By clicking “Sign up for GitHub”, you agree to our terms of service and privacy statement. We’ll occasionally send you account related emails.

Already on GitHub? Sign in to your account

"ValueError: Unterminated String" when calling gen_outline.py as a module from a separate Python script, but NOT when running gen_outline.py by itself #32

Open
Michael-B-G opened this issue Sep 1, 2016 · 4 comments

Comments

@Michael-B-G
Copy link

Running Python 2.7.8, in a PyDev environment.

I have verified that all of the input parameters (sys.argv) are the same in each scenario, yet when I call gen_outline.py's main function from another Python program (first modifying the sys.argv as necessary), I receive the following result:

gen_outline.main()
File "C:<my_path>\gen_outline.py", line 90, in main
outline = make_outline(args.json_file, args.each_line, args.collection)
File "C:<my_path>\gen_outline.py", line 61, in make_outline
key_map = gather_key_map(iterator)
File "C:<my_path>\gen_outline.py", line 37, in gather_key_map
for d in iterator:
File "C:<my_path>\gen_outline.py", line 28, in coll_iter
data = json.load(f)
File "C:\Python278\lib\json__init__.py", line 290, in load
**kw)
File "C:\Python278\lib\json__init__.py", line 338, in loads
return _default_decoder.decode(s)
File "C:\Python278\lib\json\decoder.py", line 366, in decode
obj, end = self.raw_decode(s, idx=_w(s, 0).end())
File "C:\Python278\lib\json\decoder.py", line 382, in raw_decode
obj, end = self.scan_once(s, idx)
ValueError: Unterminated string starting at: line 1 column 200693 (char 200692)

At that specific character in the JSON is the starting quote for a value on the penultimate "line" of the JSON file (even though it's all technically a single line, but this is how my editor is displaying it with word wrapping).

The data entry is

"ad_hoc_command_events": "/api/v1/hos
ts/111/ad_hoc_command_events/"

Again, the character in question is the quotation mark just before "/api/v1...etc.". As I said, I don't get this error if I call gen_outline.py by itself. This JSON data name/value pair is hardly unique in the entire document, so I'm not sure why this exact place in the document is choking it, but the only possible theory I have is that, again, it starts the value of the last "line" in the JSON document (but as I said before, it is all on a single line, so it shouldn't matter). I've spent quite awhile trying to figure this out, using PyDev's debugger and everything, but I'm still not getting anywhere.

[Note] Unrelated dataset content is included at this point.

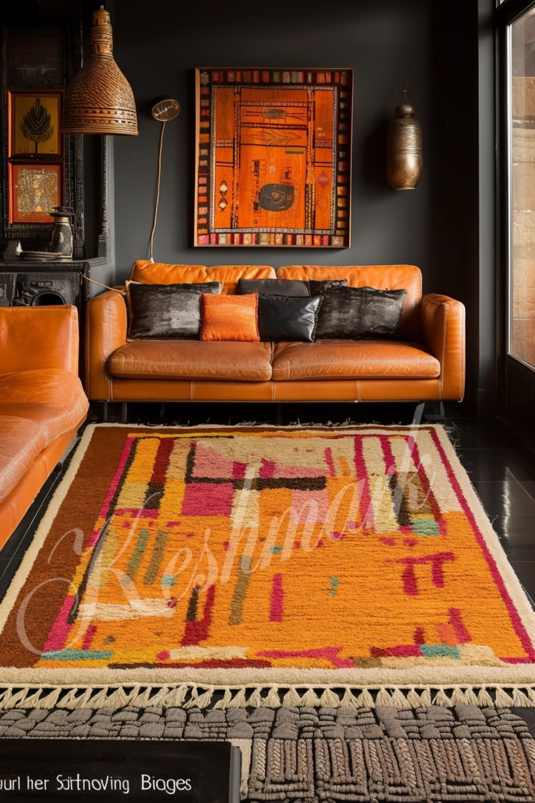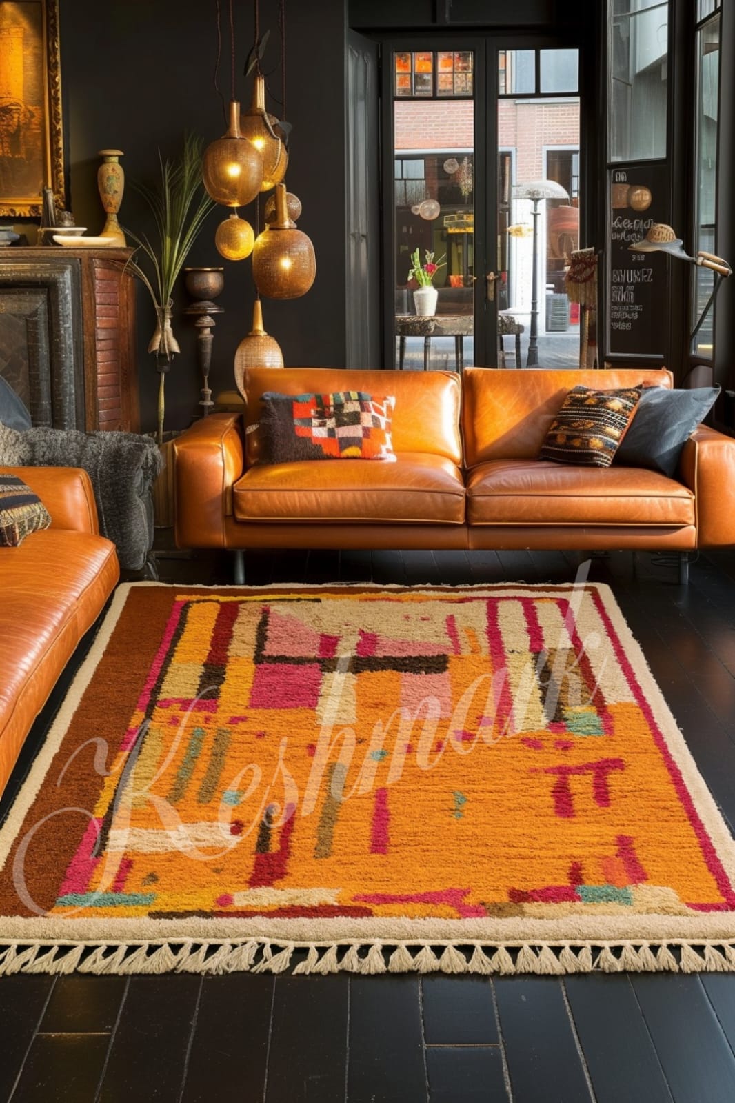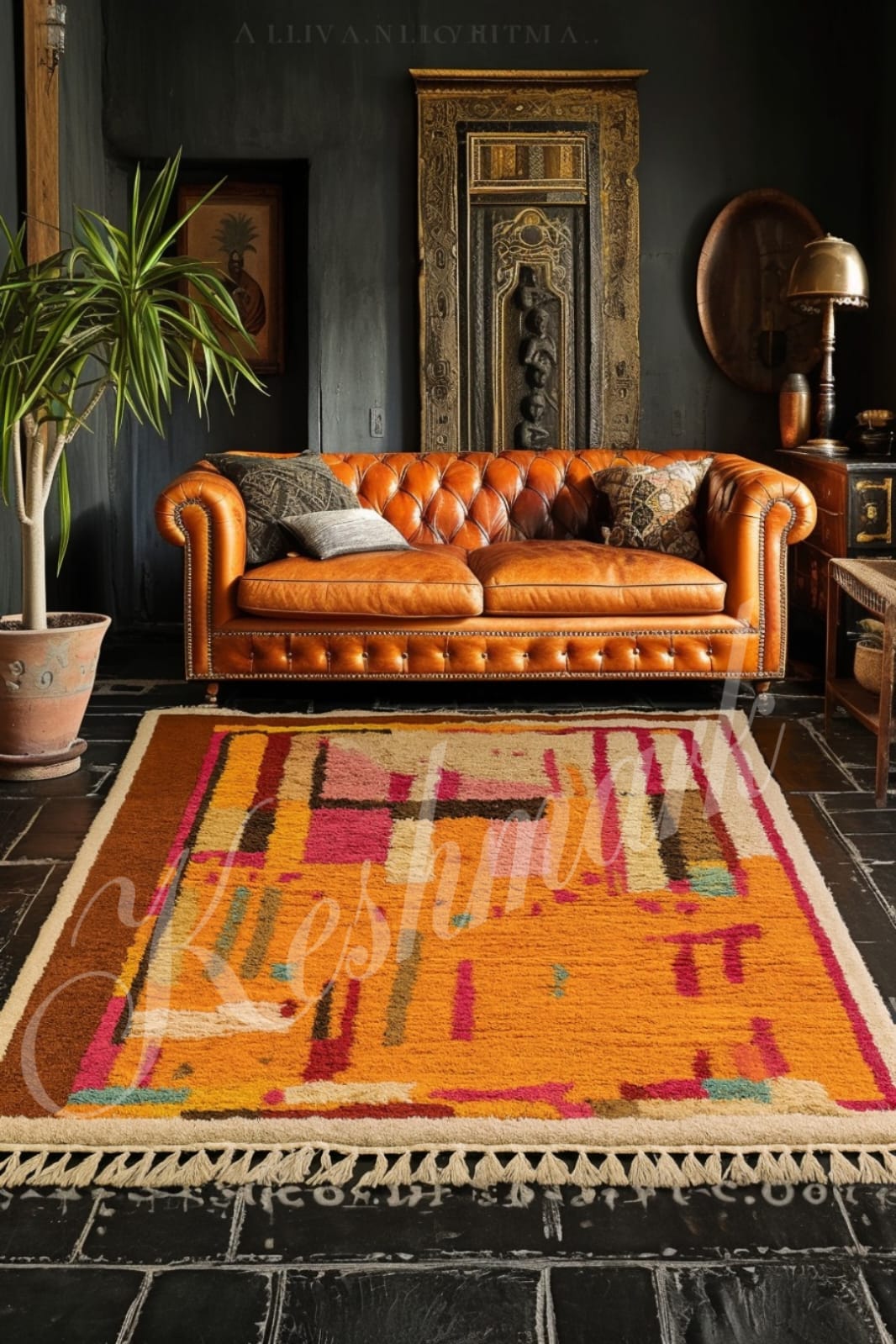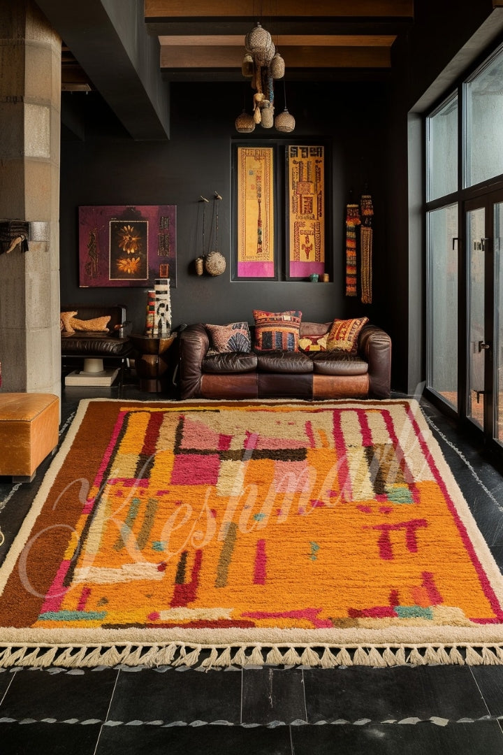 This rug features a stunning mix of orange, pink, red, beige, and multicolor accents, creating a bold abstract design that instantly transforms any room into a warm, artistic, bohemian space.

Please let me know if you can help, and if you need any more information on my end to do so.

Thanks in advance,

Michael

@evidens
Copy link
Owner

evidens commented Sep 2, 2016

Is that line break something you inserted or was that in the file? You might find the JSON parser isn't terribly forgiving about such things.

the problem really does seem to be at the decoder level and not in the outline generator. I would also look for funky characters where that breaks.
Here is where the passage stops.